Min Cost Climbing Stairs
LeetCode: Min Cost Climbing Stairs
Problem:
On a staircase, the i-th step has some non-negative cost cost[i] assigned (0 indexed).
Once you pay the cost, you can either climb one or two steps.
You need to find minimum cost to reach the top of the floor, and you can either start from the step with index 0, or the step with index 1.
- Note:
1. cost will have a length in the range [2, 1000].
2. Every cost[i] will be an integer in the range [0, 999].
- Examples:
Input: cost = [10, 15, 20]
Output: 15
Explanation: Cheapest is start on cost[1], pay that cost and go to the top.
Input: cost = [1, 100, 1, 1, 1, 100, 1, 1, 100, 1]
Output: 6
Explanation: Cheapest is start on cost[0], and only step on 1s, skipping cost[3].
- Analysis:
Let arr[i] is the minimal cost to arrive at step[i].

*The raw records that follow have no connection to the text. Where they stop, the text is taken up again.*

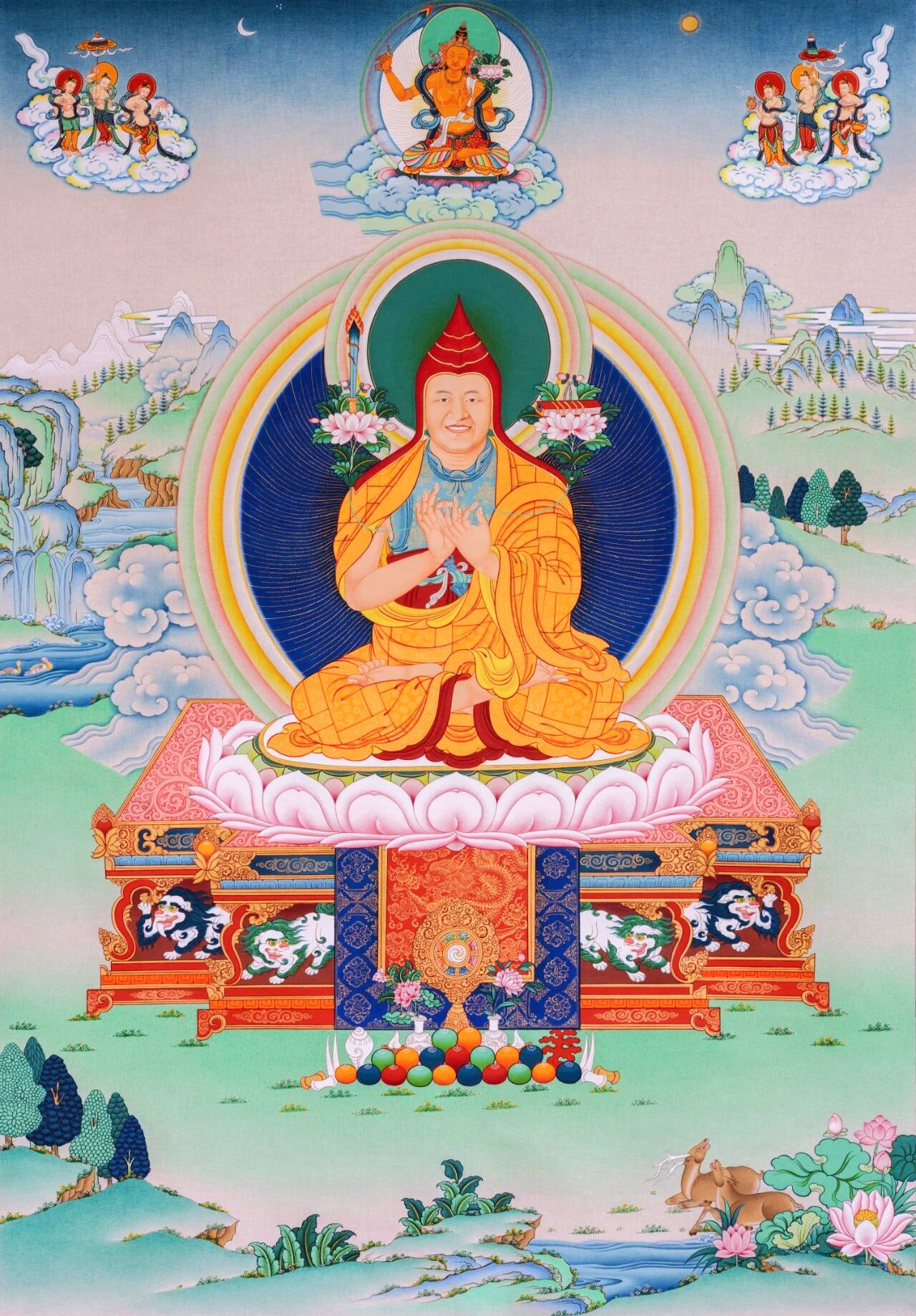 不论修学何法,应当遵循诸位传承祖师的足迹。诸见闻有缘者,应精勤祈祷修持文殊智慧本尊——完全的遵循,带来完全的成就。
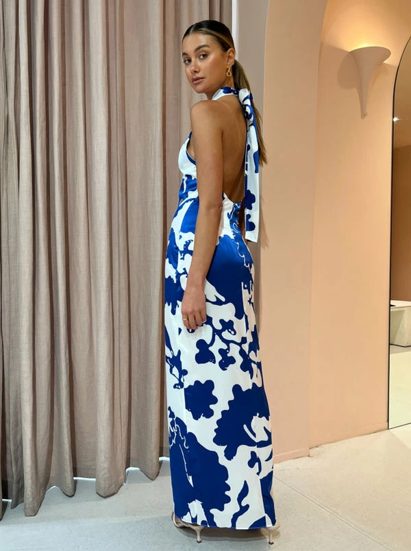 The Esme Halter Dress in Merce Abstract Print from SIR. is a modern statement maker for your occasion closet. Cut from 100% Silk, this halter maxi dress is cut on the bias to effortlessly flatter and features an open back, tie detailing at neck and centre front hem split. With the bold and bright florals of the abstract print, this lightweight maxi dress is the perfect pairing for any special occasion in your calendar, from Wedding festivities through to formal occasions. DETAILS & CARE Fabric: Main 100% Silk Lining: 100% Polyester – Bias cut – Halter that ties at back – Centre front high split, finishes mid thigh – Invisible side seam zipper – Exclusive SIR. print – Relaxed fit – Unlined – A breathable lightweight silk with a satin finish – No stretch – True to size Please note: Print placements vary on each garment for individuality. Care Instructions: Dry clean only. Our Coco girl Eden wears a size 1 / AU 8 / small.Eden’s height is 175cm. COCO STYLING TIP Complete this glamorous look with the Alias Mae Baz Heels in Cream, Porter Pond Earrings in Gold, Porter Pond Ring in Gold, Porter Pond Bangle in Gold, Porter Wave Ring Set in Gold and the Porter Chunky Belcher Bracelet in Gold.
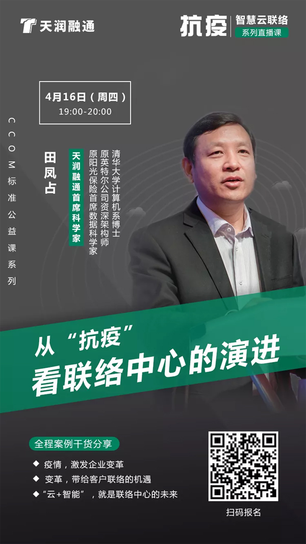天潤融通賦能多家企業(yè)聯(lián)絡(luò)中心云化和智能化,“抗疫”而上。4月16日(周四)19:00,易訓(xùn)(中國)管理研究院聯(lián)合天潤融通共同舉辦【從“抗疫”看聯(lián)絡(luò)中心的演進(jìn)】公益課,和大家分享疫情給客戶聯(lián)絡(luò)帶來的機(jī)遇、智慧云聯(lián)絡(luò)中心“抗疫”案例。
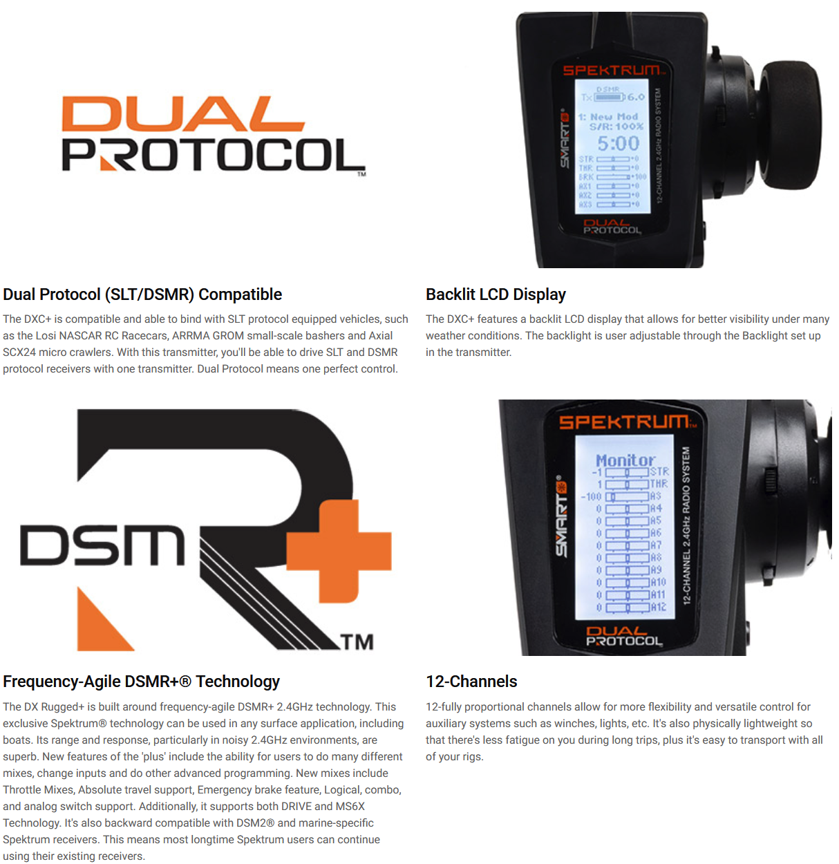 The DXC+ is the savvy solution for bashers, boaters and scalers who want a staggering list of advanced features that includes the virtually unlimited possibilities 12-channel control offers. Built around frequency agile, DSMR+® 2.4GHz technology, you can use the DXC+ in any type of surface application, including boats. Its range and response, particularly in noisy 2.4GHz environments, are superb.

The arr[i] = min(cost[i - 1] + arr[i - 1], cost[i - 2] + arr[i - 2])
- Code - Java:
class Solution {
public int minCostClimbingStairs(int[] cost) {
int len = cost.length;
int[] result = new int[len + 1];
for (int i = 2; i <= len; i++) {
result[i] = Math.min(cost[i - 1] + result[i - 1], cost[i - 2] + result[i - 2]);
}
return result[len];
}
}
- Code - C++:
class Solution {
public:
int minCostClimbingStairs(vector<int>& cost) {
int len = cost.size();
vector<int> result(len + 1, 0);
for (int i = 2; i <= len; i++) {
result[i] = min(cost[i - 1] + result[i - 1], cost[i - 2] + result[i - 2]);
}
return result[len];
}
};
- Code - Python:
class Solution(object):
def minCostClimbingStairs(self, cost):
"""
:type cost: List[int]
:rtype: int
"""
costLen = len(cost)
result = [0 for i in range (costLen + 1)]
for i in range(2, costLen + 1):
result[i] = min(cost[i - 1] + result[i - 1], cost[i - 2] + result[i - 2])
return result[costLen]
Time Complexity: O(N), N is the length of array cost
Space Complexity: O(N), N is the length of array cost